Опустив трубку на рычаг, педагогиня вернула спички на полку и взяла веник. Ученица должна прийти в идеально чистое помещение. Время для чая наступит позже, а сейчас – работа. Работа – самое главное, то, что помогает сознавать себя, говорить уверенным покровительственным голосом, давать советы тем, кто сильнее и богаче. Работа – это то, что Эмма Соломоновна делает на высшем уровне своего педагогического профессионализма; то, чего от нее ожидают; то, ради чего она прожила свою жизнь; то, чего старость не сможет вытравить из ее надежного распорядка.

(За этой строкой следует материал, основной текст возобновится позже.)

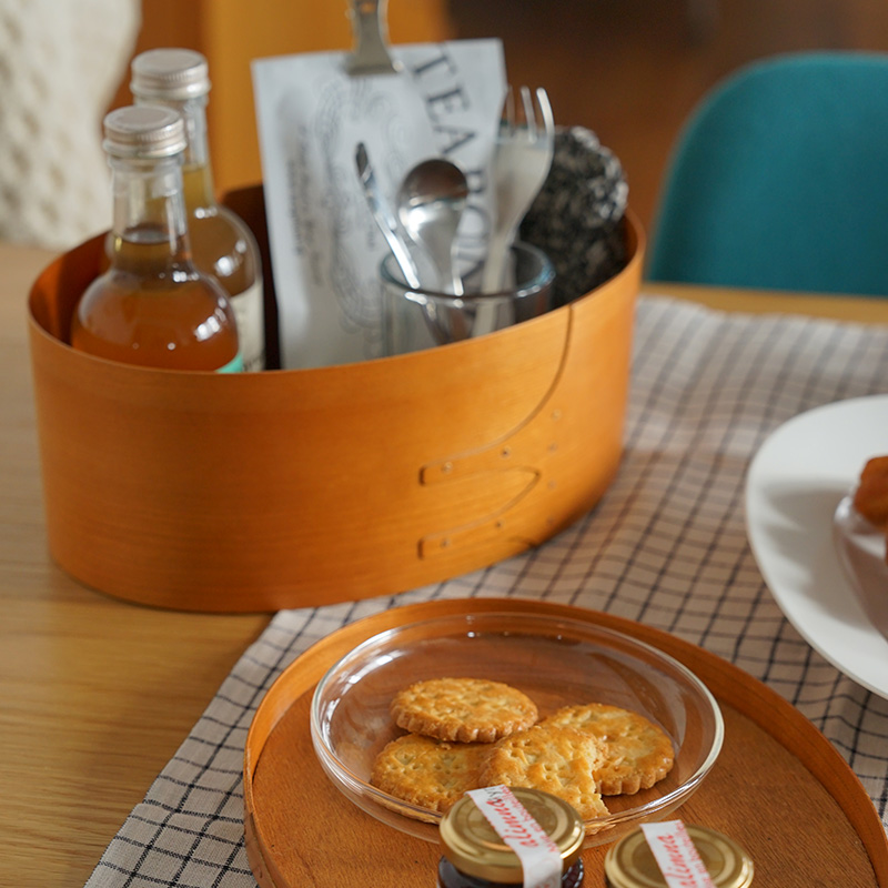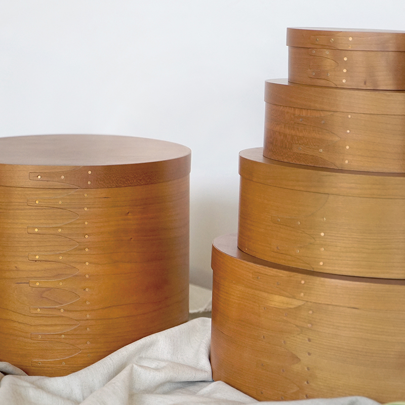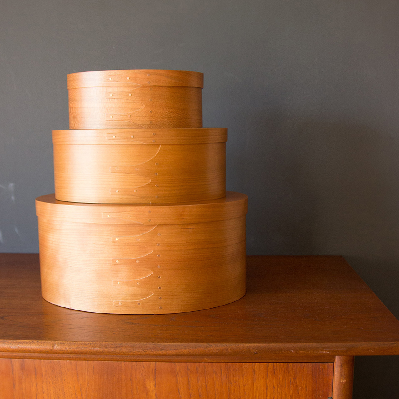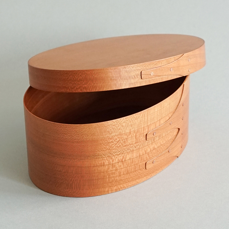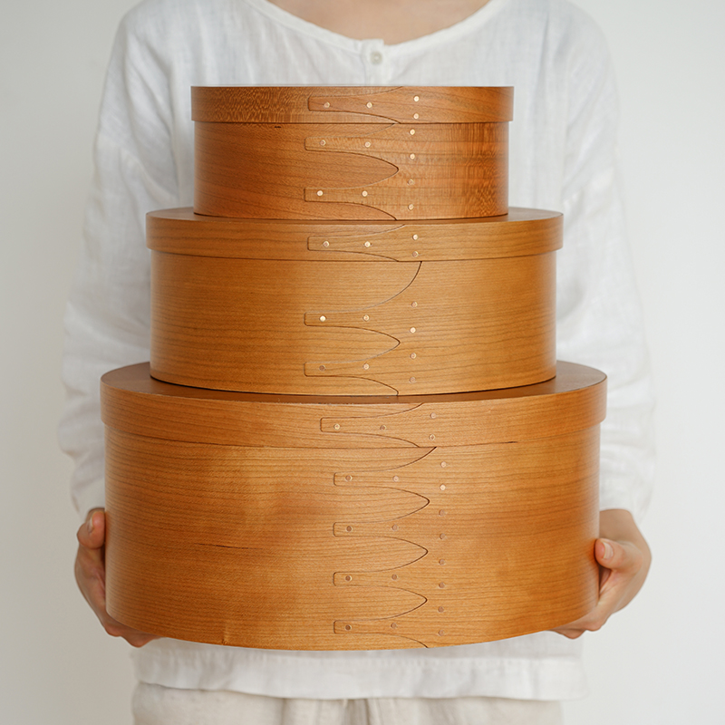 シェーカーボックスは薄い木材を曲げて作られる、シンプルな楕円型の木箱です。
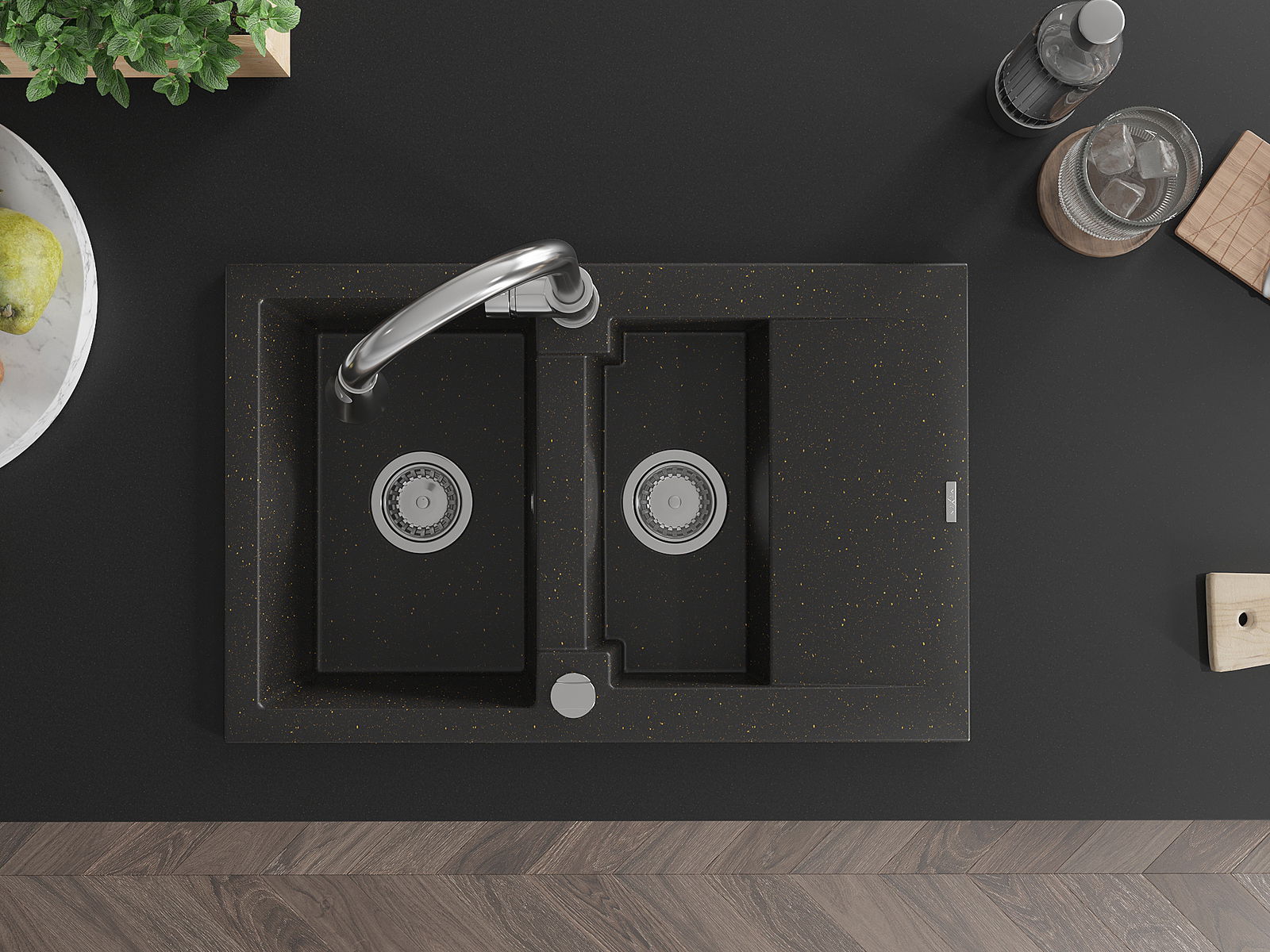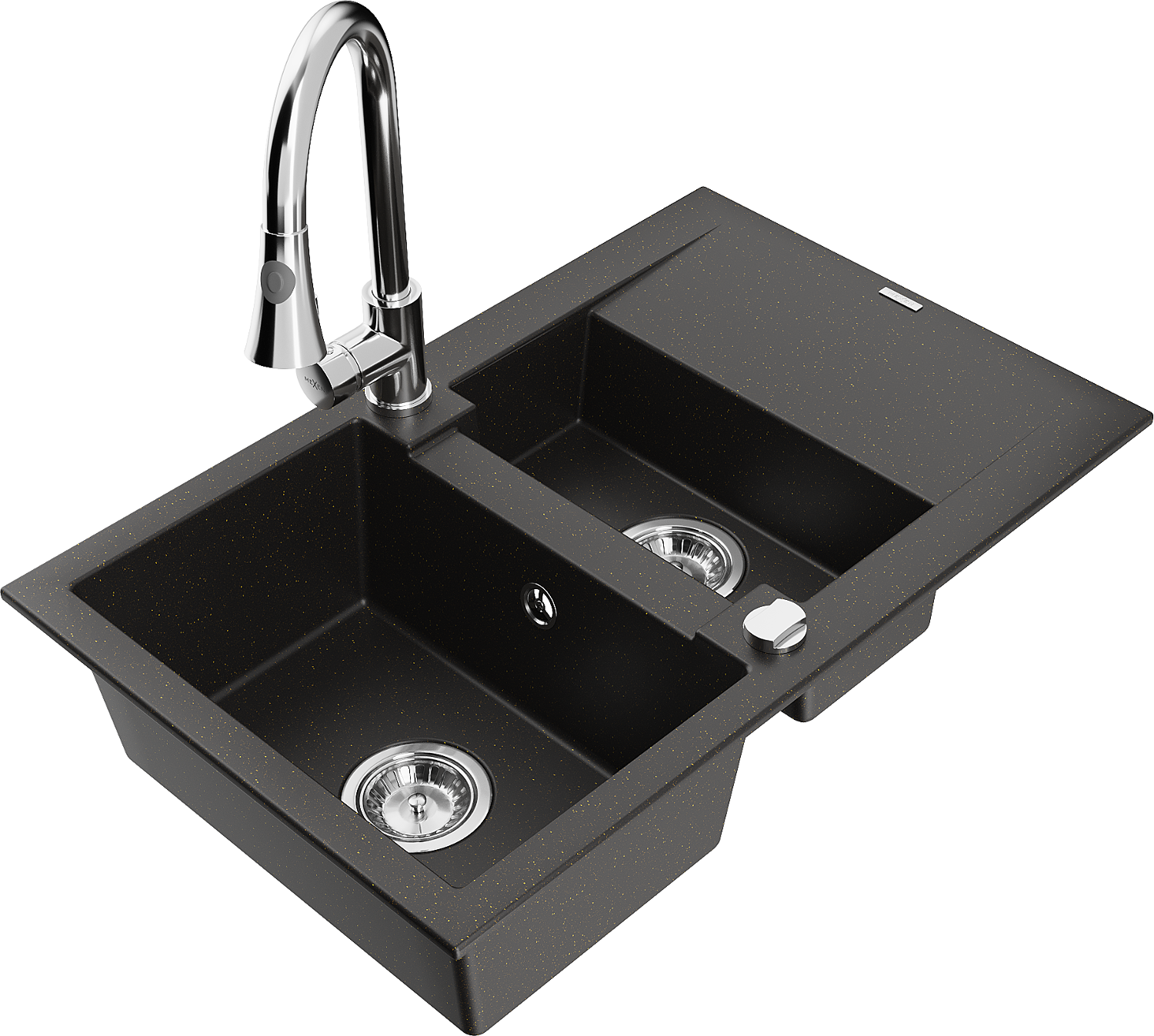Mexen Gaspar Granitdiskho 1,5-fack med avrinningsyta och köksblandare Elia, svart/guldig metallic - 6507-75-670101-00

За сорок лет преподавания Эмма Соломоновна пришла к выводу, что голос – это такой же член тела, как рука или нога. Он требует тренировки так же, как любая мышца в организме. Связки, резонаторы диафрагма регулируют поток воздуха, являясь всего лишь живым механизмом. Живым, а потому несовершенным, зависящим от человеческой лени или количества съеденной пищи. Иными словами, человеческий фактор для хорошего звучания голоса представлялся Эмме Соломоновне барьером, требующим преодоления.

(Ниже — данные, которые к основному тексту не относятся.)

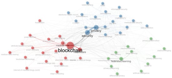 The network appears to be divided into three main clusters, indicated by the red, blue, and green. This suggests three relatively distinct, yet interconnected, areas of research. The red cluster is heavily centered around “blockchain,” “medical data,” and “healthcare.” This indicates a strong research focus on applying blockchain technology to manage and secure medical data within the healthcare sector. Related keywords include “smart contracts,” “privacy protection,” “Internet of Medical Things (IoMT),” and “edge computing,” suggesting exploration of decentralized, secure, and connected healthcare solutions. The blue cluster revolves around “privacy” and “security,” which are strongly interconnected. This cluster includes terms like “data security,” “encryption,” “confidentiality,” “e-health,” and “telemedicine.” This suggests a focus on the fundamental aspects of data protection and secure communication in healthcare. The green cluster is centered around “federated learning,” “artificial intelligence,” and “privacy-preserving” techniques. This indicates a research area focused on advanced analytics and machine learning methods that prioritize data privacy. Connections to “medical imaging” and “COVID-19” suggest applications in specific healthcare domains.

В субботу у Алечки Саврасовой ответственный концерт, недавно она получила вполне заслуженную премию на международном конкурсе, заслуженную, благодаря Эмме Соломоновне. Скоро Алечку начнут приглашать организаторы концертов из других городов, и она должна быть готова. Максимум того, что еще можно дать ученице надо сделать в короткий срок. Голос у Алечки сочный, правда, не очень стабильный. Здесь важно все: как ученица должна стоять, как развернуть плечи, как поднимать нёбо и напрягать «аппарат». Не губы и язык, а аппарат, не тело, но инструмент, вот чего следовало добиться, чтобы голос звучал стабильно. Если звук тихий и тонкий, то на высокой ноте напряжение в связках огромное, и такое же напряжение в зале, люди плачут, хватаются за сердце, сопереживают героине. А низы, хорошо подхваченные грудным резонатором, заставят ощутить угрозу, некое неуловимое предчувствие. Так рождается обожаемый зрителем талант: из труда над овладением механизмом.

Обессилевший дракон на крышах дрогнул и замер проколотый тонкими электрическими стрелами - лучами фонарей. Небо просинело, темное чудовище истекло индиговой кровью, забрызгав стекла неровными бликами.

***

«Заходи, деточка!» - это снисходительное обращение беспрекословно принимали все знаменитые и народные ученики Эммы Соломоновны, Алечке даже не пришло бы в голову возразить. «Деточка, ты опять похудела», - Эмма Соломоновна неодобрительно покачала головой.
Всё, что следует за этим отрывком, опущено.